Jack Ward, the Director General of the BGA, said: “In some regions, the supplies of summer, cauliflower and cabbage brassicas are tight.
“Other radicular crops, carrots and onions have been maintained by the use of irrigation, but there are serious concerns about water supply if the lack of rain continues.
“At this stage, we are convinced that cultures will be there, but the weather events of the last three months highlight the growing uncertainty around our food supplies.”
Meanwhile, the arable farmer Martin Williams, who is also president of the National Farmers ‘Union’ Union ‘branch’ Union (NFU) Herefordshire, said that he had seen a 50% drop in his cereal yield, a third of the normal harvest of the potato was likely, and there had been a 70% drop in the cultivated grass.
He said that the conditions had been “absolutely, devastating” and that he now envisages how and what he should cultivate in the future
“In the future, this makes me wonder about the viability of growing cereal products crops.
“It is a work-based work, but if I can manage my risk by not increasing these risky cultures, it may be something I should look at,” he said.
Harvest ‘extremely varied’
The National Farmers’ Union (NFU) said that the extremes of the weather conditions for this year had been “unprecedented”, the overall image of the harvest currently “extremely varied”.
Jamie Burrows, chairman of the NFU culture board of directors, said that farmers in the areas that had seen precipitation actually saw “yields” better than expected, while others are “confronted with significant reductions that will have substantial financial implications on their businesses”.
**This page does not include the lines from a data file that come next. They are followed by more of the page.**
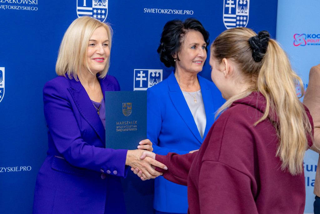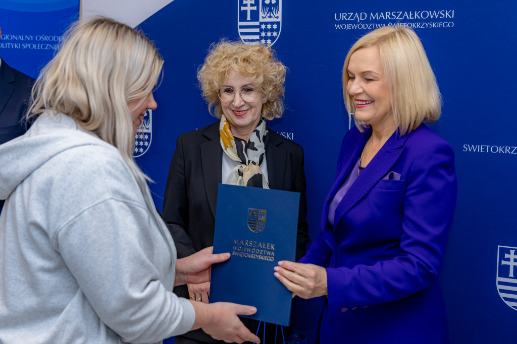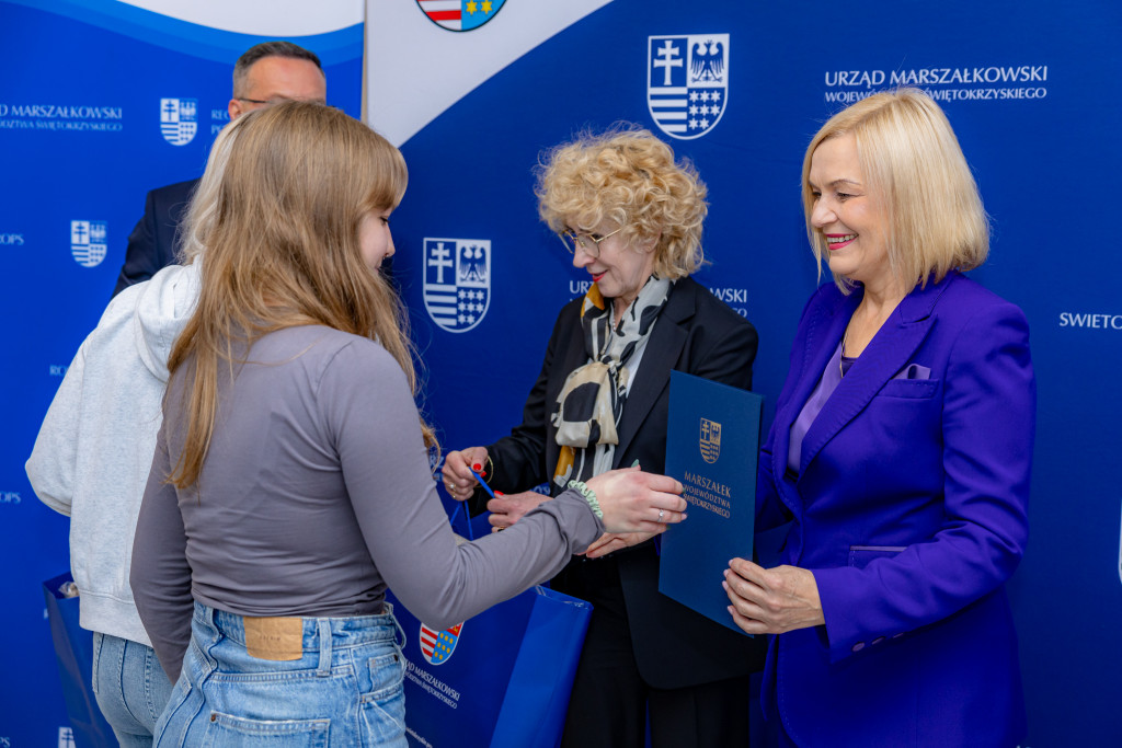 Marszałek Renata Janik wręczyła uczestnikom zaświadczenia o uczestnictwie w wydarzeniu oraz upominki.
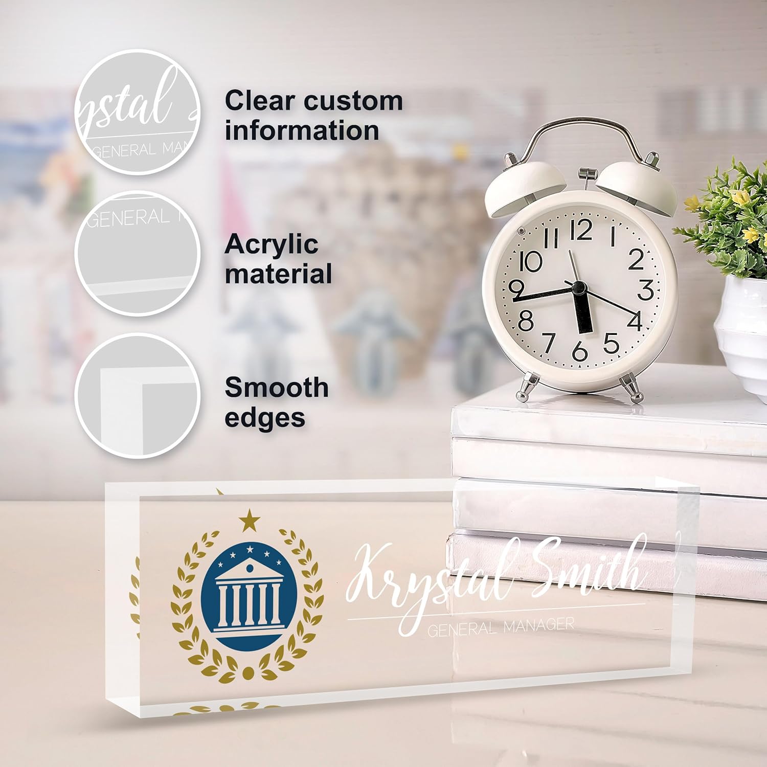 - 【Premium Acrylic Materials】:We use high-quality transparent and environmentally friendly acrylic blocks to make custom name plates, and use the most advanced HD printing technology and super strong adhesives to make the name plate content clear and never fall off. And because of its sturdy and durable characteristics, the acrylic name plates can become a permanent desk decoration.
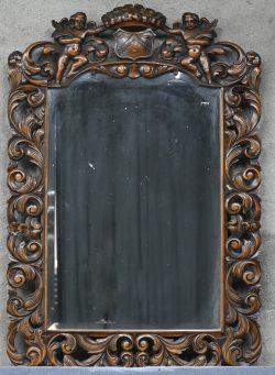 #24Een spiegel met gesculpteerd houten frame, neo-klassiek met wapenschild en twee cherubijnen.
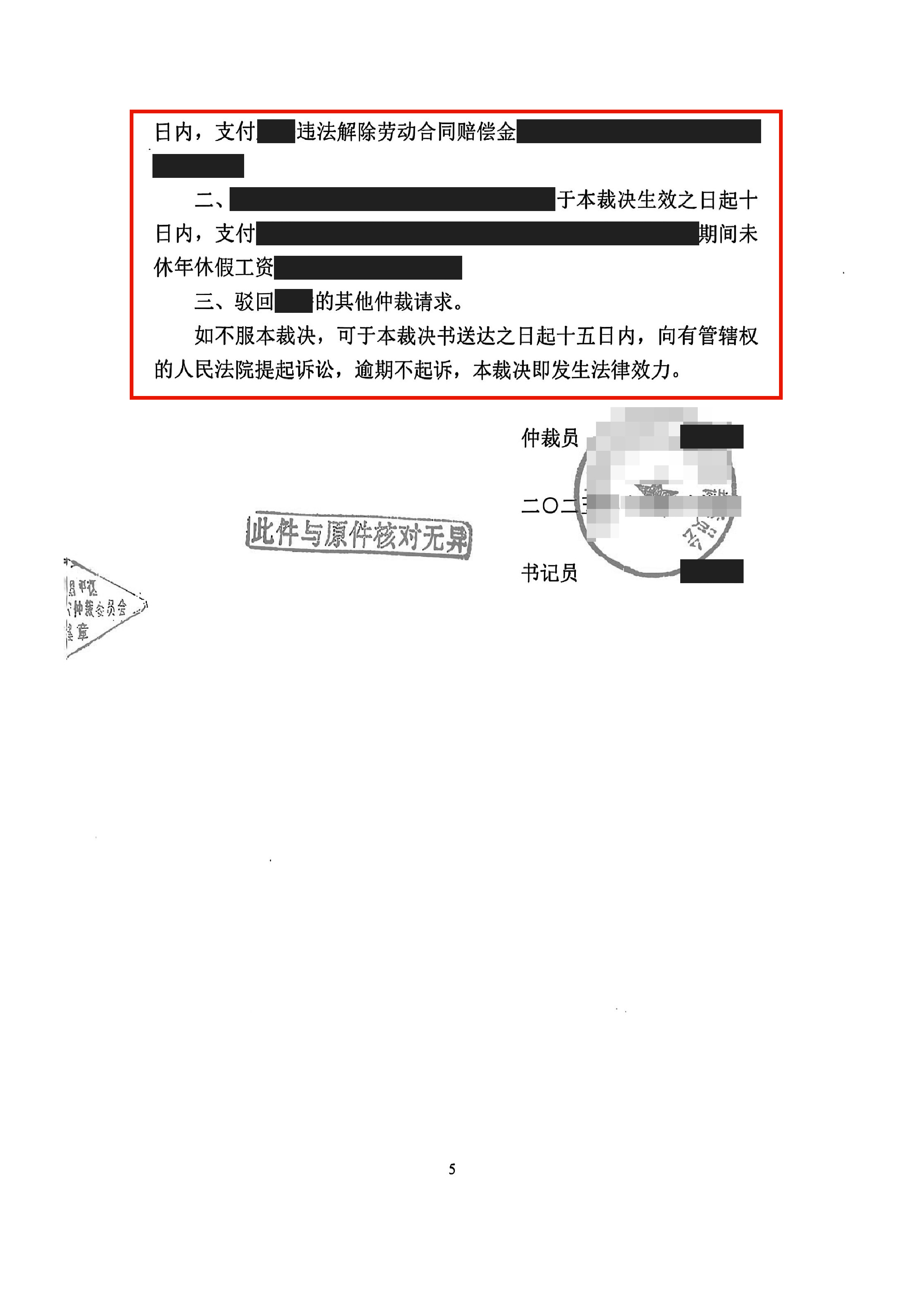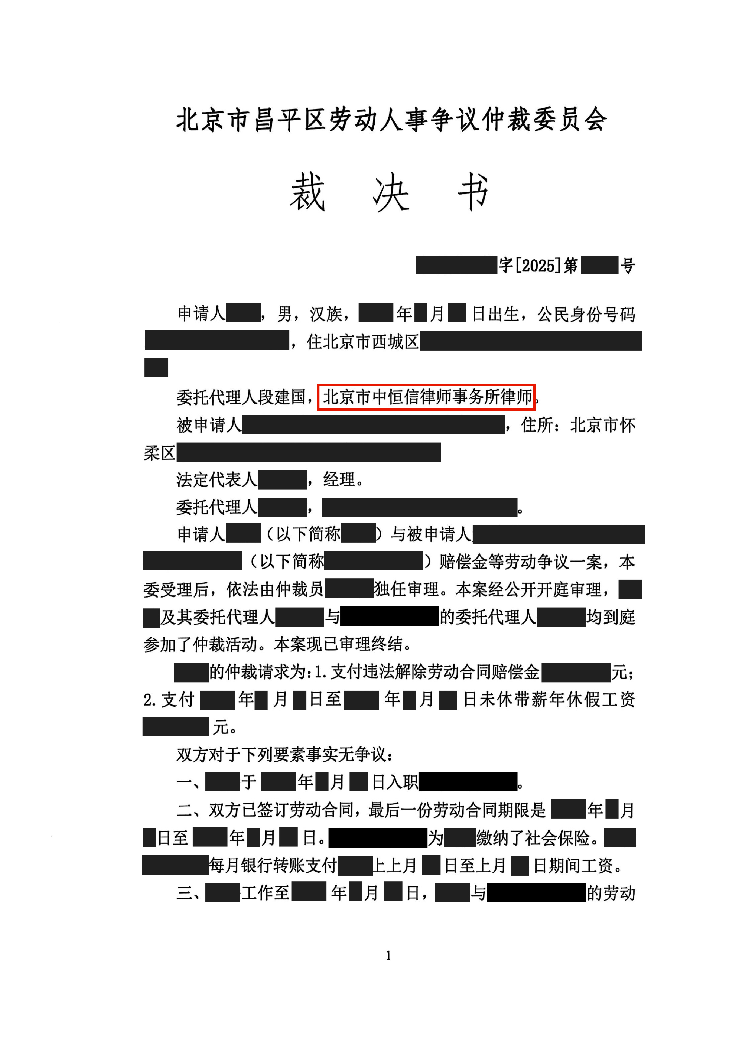经仲裁庭审理,最终采纳段建国律师的代理意见,认定公司单方解除劳动合同的行为构成违法,判决公司向刘某支付违法解除劳动合同赔偿金及未休带薪年休假工资。该案取得圆满胜诉,切实维护了劳动者的合法权益。
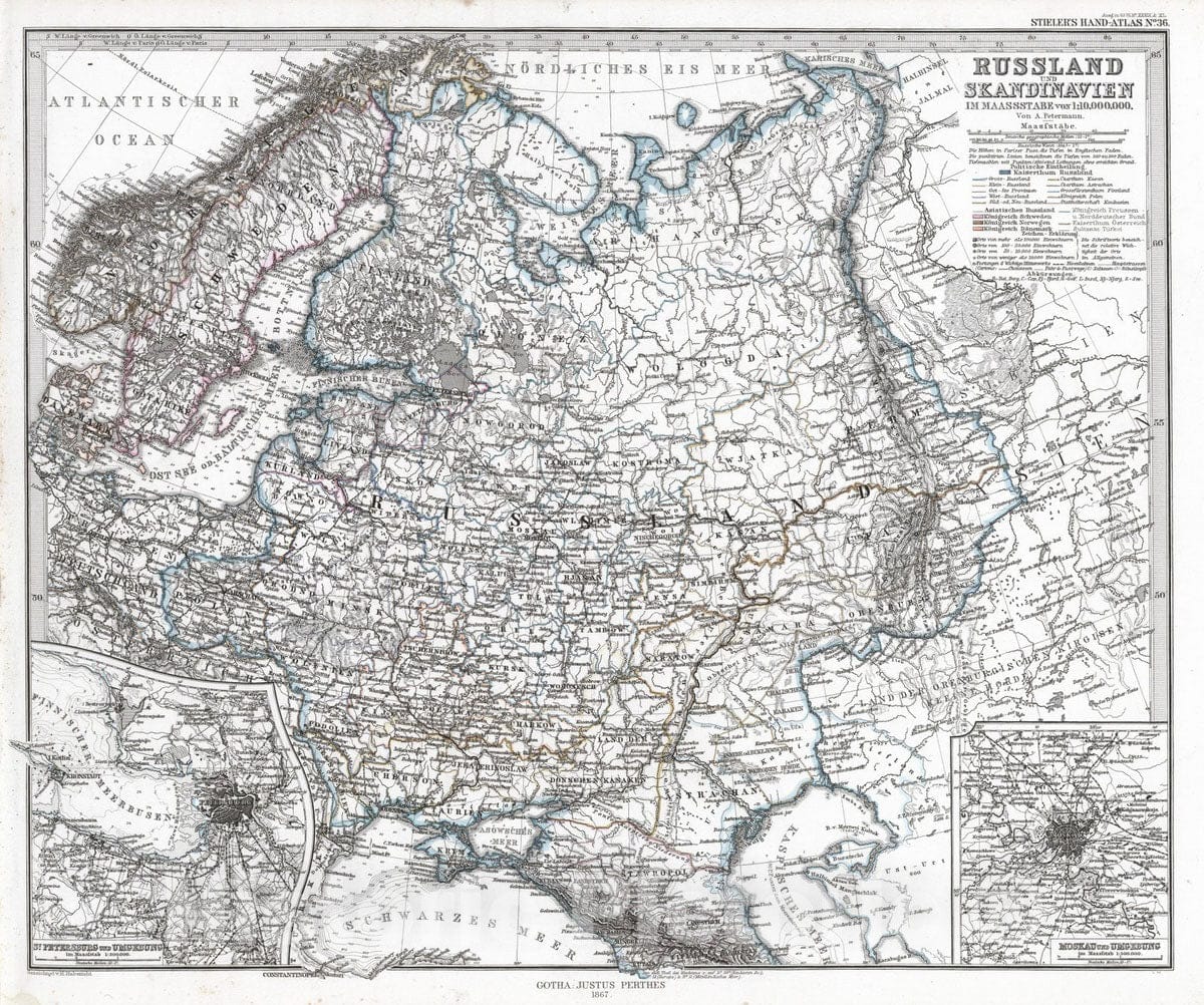 • .Historic Map : Sweden; Norway; Denmark; Russian Federation, Scandinavia 1867 Russland und Skandinavien. (Russia and Scandinavia). , Vintage Wall Art
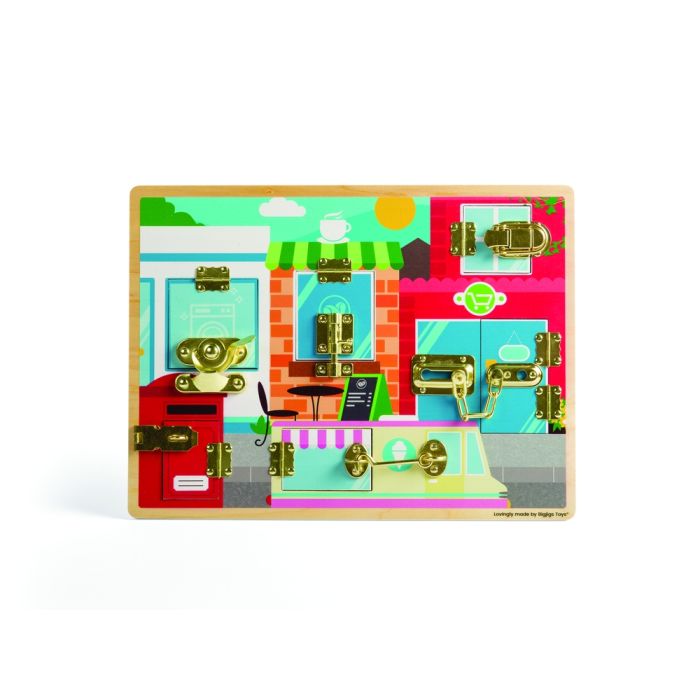 This Montessori-style board will help children develop their motor skills, hand-eye coordination and dexterity as they learn to manipulate the different fixtures that include: a toggle catch, bolt, hinges, chain slide lock, padlock hasp, turn latch, and hook & eye latch. As children learn to open the doors, they will find detailed scenes underneath that will ignite their imaginations! Age 2 years+

Tom Lancaster, the head of the land, food and agriculture of the ECIU, said that successive years of extreme time, both humid and dry, wreaked havoc for farmers.
He told the BBC: “I don’t think we should look at this year rightly in isolation. This is part of a model, which comes out of the second worst harvest last year and the worst harvest never recorded in 2020.
“It is this scheme that we must worry about because, like these impacts on agriculture and on farmers are starting to accumulate, farmers will effectively stop agriculture.”